As face masks become a more common sight in public, engineers are developing new ways to ensure they fit properly. That’s important not only for comfort, but also for the masks’ effectiveness in blocking out viruses and other particles.

One company, ResMed, has developed a mask fit sensor that uses audio signals to gauge how well a mask is sealing to a person’s face. The sensor, which attaches to the outside of the mask, emits a tone that changes pitch as the mask moves closer or further away from the face.

The idea is that users can adjust their masks until they find a pitch that is comfortable, indicating a good seal. ResMed is currently testing the sensor with healthcare workers, and plans to make it available to consumers in the future.

Another option comes from a company called Color Intelligent Mask, which has developed a sensor that attaches to the ear loops of a face mask. The sensor uses Near-Infrared Spectroscopy (NIRS) to measure how much light is being absorbed by the skin beneath the mask.

The higher the absorption, the better the seal. The sensor also has a display that shows users how well their masks are fitting, and can be connected to a smartphone app for further analysis.

With the proliferation of face masks, it’s important to make sure they fit correctly in order to maximize their effectiveness. These new sensors provide a novel way to do that, and could help people feel more confident using masks in public.

When it comes to face masks, a snug fit is key to keeping the wearer safe from harmful airborne particles.Now, engineers have developed sensors that can be built into face masks to help ensure a proper fit.

The sensors, which are about the size of a grain of rice, are made from a flexible material that can be incorporated into the mask’s straps or band. The sensors contain two thin layers of conducting material, separated by an insulating layer.

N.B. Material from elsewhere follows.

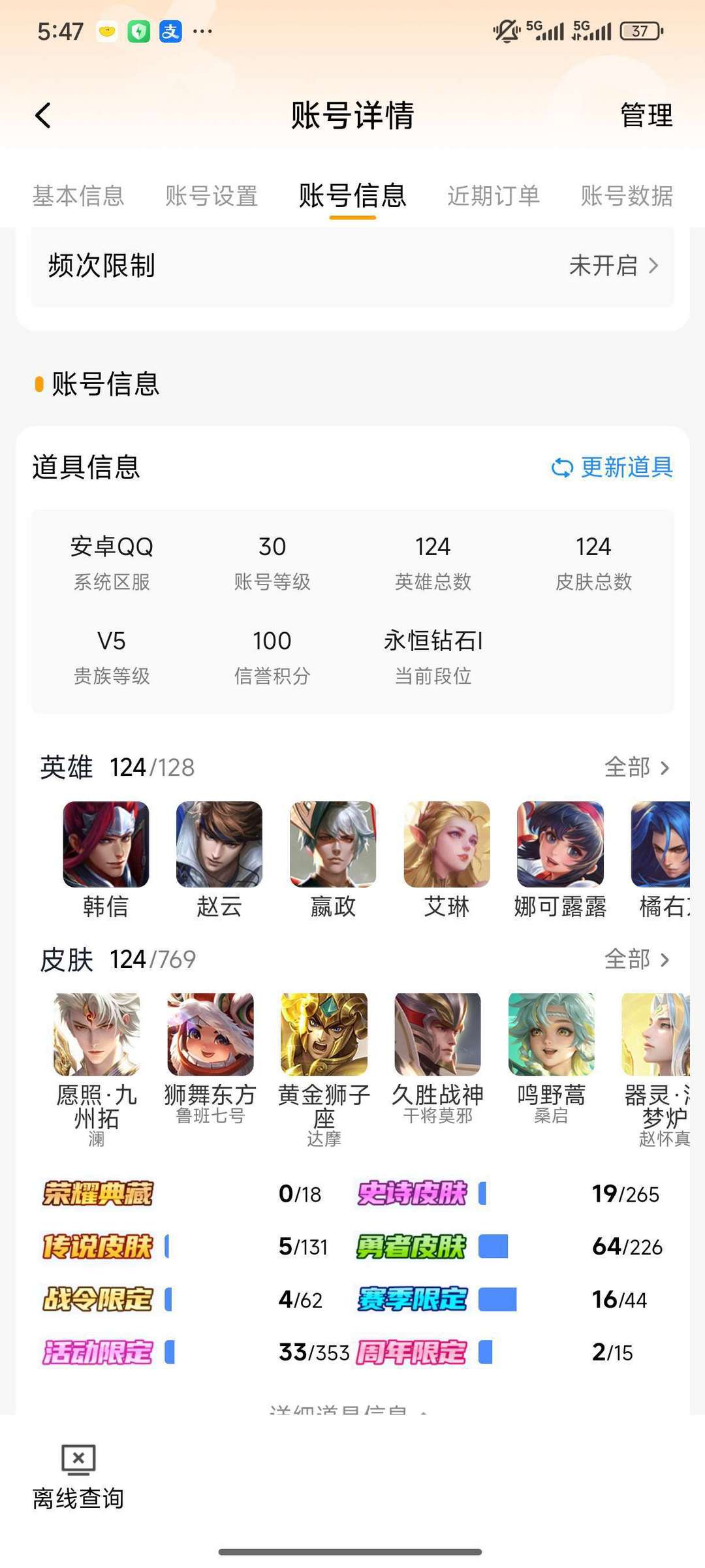 游戏区服:王者荣耀-QQ安卓-QQ账号

When the mask is worn, the conducting layers come into contact with the skin, forming a circuit. The current passing through the circuit can be used to determine the level of contact between the mask and the face.

The scientists who developed the sensors say they could be used to monitor the fit of N95 respirators, which are critical for health care workers treating patients with COVID-19. The sensors could also be used in other types of masks, including those worn by the general public.

The researchers are now working on a prototype of a sensor-equipped mask and hope to have a working product within the next year.